If I wanted to use a guy basically on a job to job basis and not a full time employee, how would I go about doing that the right way with workers compensation? Do I need Workers compensation for it?


----------



## Mellison (Aug 3, 2008)

Employ a payroll service (Paychex) that will also include workers comp.
Call in payroll as when applicable.


----------



## SuperiorHIP (Aug 15, 2010)

On my W.C. between the 1st and 10th I have to report how much I paid every person that worked for me that doesnt have their own W.C. I have one full time employee that I report roughly the same for every month but if I have another guy with me for a day or 2 I just add whatever I pay him in the appropriate category. Only thing that you need to watch for is if a temporary employee will receive any weekly pay from your coverage. When my friend broke his ankle on my job they decided to pay him what he would have made that day every week for a few months (he was only going to work the one day).


----------



## DBBII (Aug 28, 2008)

Most of the day labor services have their own WC coverage. If you have someone specific you want to use, you can usually get the day labor service to "hire" them. 

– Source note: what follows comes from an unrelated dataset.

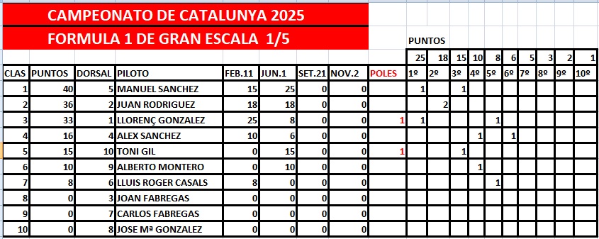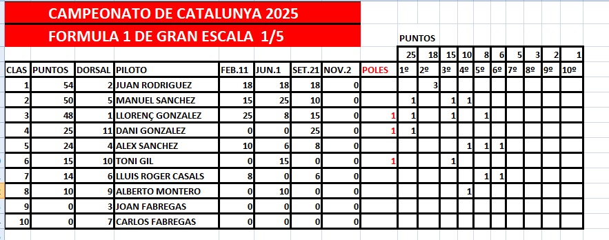 Hola a todos, la carrera de hoy en el circuito en Cerdanyola del Valles (Barcelona), al final hemos sido 13 pilotos VALIENTES a pesar de la lluvia , nos decidimos a celebrar la carrera entre lluvia , sol etc. Desde estas líneas dar las GRACIAS a todos los que se han desplazado al circuito , como siempre con muy buen ambiente en Paddock , también agradecer al Club RC Modelcar DUBÀ con el Sr. Joaquim a la cabeza del club y ayudando como arbitro al director de carrera , como no al muy querido por todos los pilotos Sr. Alfonso Pineda y a Toni Zoroa por su gran labor en el cronometraje . La siguiente i última carrera de este Campeonato se celebrara el dia 2 de noviembre de 2025 en el circuito de Rubi ( Barcelona ) con la entrega de trofeos para todos los participantes y el sorteo de material cedido como siempre por los colaboradores a este Campeonato . Tanto en Turismos como en Formula 1 las posiciones finales se decidirán en Rubi , ya que algun fallo mecánico en la última carrera puede variar la clasificación final ya que en el reglamento actual no se descuenta ninguna carrera puntúan todas las carreras finalizadas… las clasificaciones provisionales estan actualizadas en el apartado de RESULTADOS . Saludos | |||||||||||||||||||||||||||||||||||||||||||||||||||||||||||||||||||||||||||||||||||||||||||||||||||||||||||||||||

As a down-and-dirty budget, I've kinda assumed that if I want a temp guy to say, sweep the floor, and I want to pay him $10 an hour, the day labor service is going to charge me $20. Short term, it usually doesn't kill you.


----------



## Bweikel (Feb 20, 2011)

DBBII said:


> Most of the day labor services have their own WC coverage. If you have someone specific you want to use, you can usually get the day labor service to "hire" them.
> 
> As a down-and-dirty budget, I've kinda assumed that if I want a temp guy to say, sweep the floor, and I want to pay him $10 an hour, the day labor service is going to charge me $20. Short term, it usually doesn't kill you.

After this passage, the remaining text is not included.